In this study, genotypes 1 and 4 were more heterogeneous with several subtypes: 1b, 1e, 1 h, 4c and 4f for core region and 1b, 1c, 1 h, 4c, 4f, 4o, 4p and 4 t for NS5B (Table 5). Discrimination of HCV subtypes was most likely possible with NS5B compared to core region because more samples (80.2%) were not classified at subtype level by core compared to 58.6% with NS5B. Similar findings were reported for 5’non coding region, where identification of HCV genotypes was possible while classification at subtype level was not possible in this region [25]. This could be due to the fact that the NS5B gene has the highest phylogenetic signal compared to all the other HCV genes [3]. Therefore NS5B region is more suitable in epidemiological studies compared to core region [3]. Murphy et al. in their study also suggest NS5B genotyping as an effective tool for studying the molecular epidemiology of HCV [28]. No intersubtype recombinant was identified, however, for some few samples, the subtypes was determined in one region and not classified in the other region.
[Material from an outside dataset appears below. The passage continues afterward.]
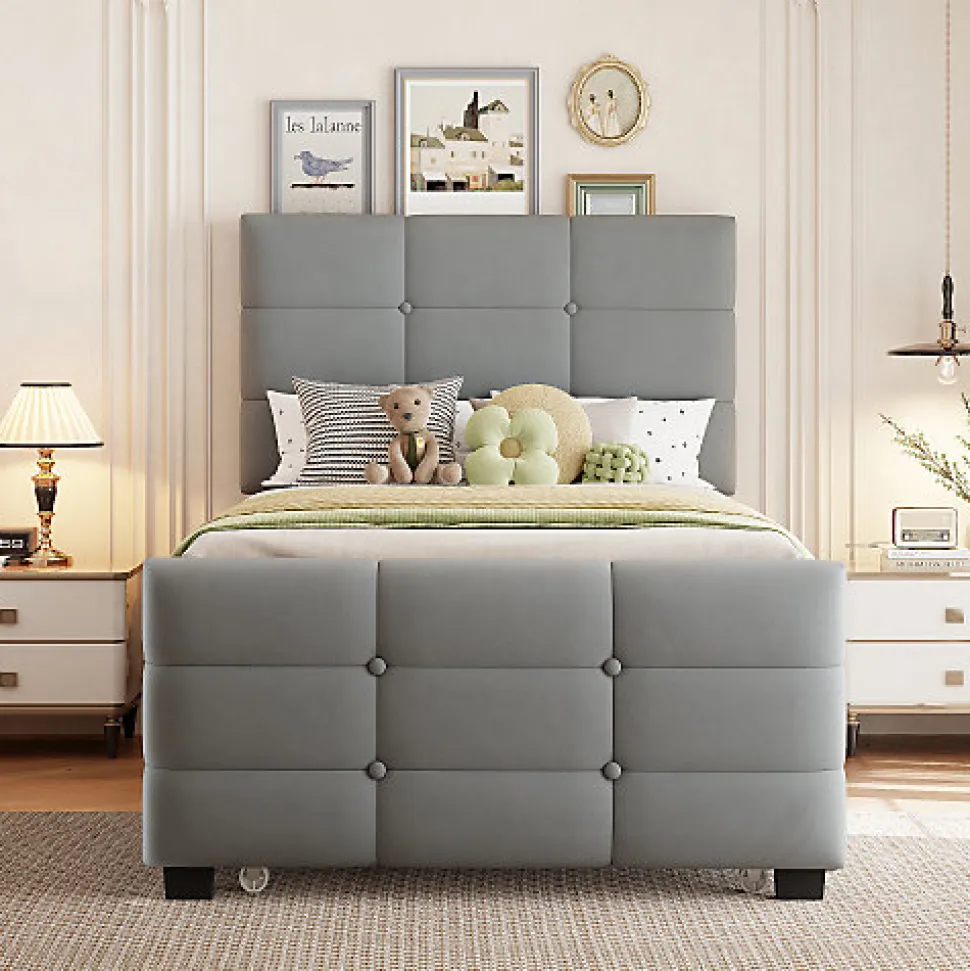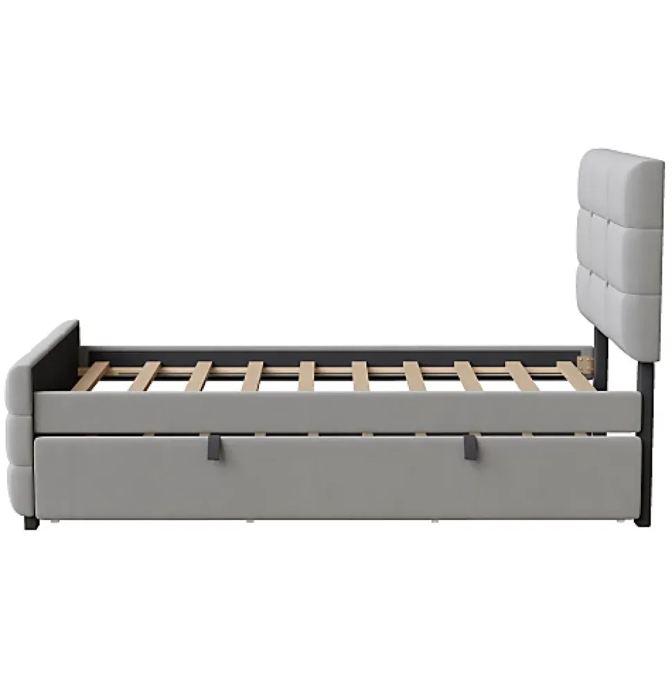 •【Design minimaliste classique】Ce lit enfant est doté d’une tête de lit rembourrée en mousse et d’un motif à rayures verticales classiques, lui conférant une allure simple et élégante qui s’harmonise parfaitement avec différents styles de chambre.•【Lit gigogne】Ce lit capitonné s’adapte facilement à vos besoins d’espace. En plus du lit principal (90 x 190 cm), un lit gigogne de 190 x 90 cm se trouve en dessous et peut être utilisé comme lit d’appoint.•【Tissu velours】Ce lit capitonné est confectionné en velours de haute qualité, un tissu délicat, doux au toucher, agréable pour la peau et respirant, pour un confort optimal. Le lit est disponible en beige et en gris.•【Robuste et stable】Ce lit enfant est doté d’une structure en bois et d’un sommier capitonné à lattes, supportant un poids maximal de 150 kg. De plus, ses pieds courts assurent une stabilité parfaite.•【Facile à assembler】Des instructions détaillées et des pièces complètes sont disponibles pour vous aider à réaliser l’assemblage rapidement.

Our study has some limitations because no information on the treatment was available for all participants. The high proportion of not classified samples at subtype level for both core and NS5B regions could be due to the lack of reference sequences of some subtypes in the phylogenetic analysis. Analyzing these samples by another comparator such as LiPA would help to establish whether the method presented here is the best suited for genotyping/subtyping in Cameroonian patients. Regarding the two samples with discordant genotypes in the core and NS5B regions, multiple infections (co-infections/superinfections) is also a possibility because only Sanger sequencing on nested RT-PCR fragments has been performed. Data presented here is insufficient to establish the two sequences as recombinants.

Conclusion

In this study, we found high amplification rates of HCV in both core and NS5B regions, and a good concordance was obtained at genotype level using both regions except for two samples where putative 1–4 recombinant strains were detected. Since treatment option and duration are genotype specific HCV genotyping based on at least two genomic regions could help to identify putative recombinants/multiple infections and improve therapeutic management of HCV infection. However, even though recombination is rare in HCV infection, further studies are necessary to investigate clinical impacts of HCV recombinants.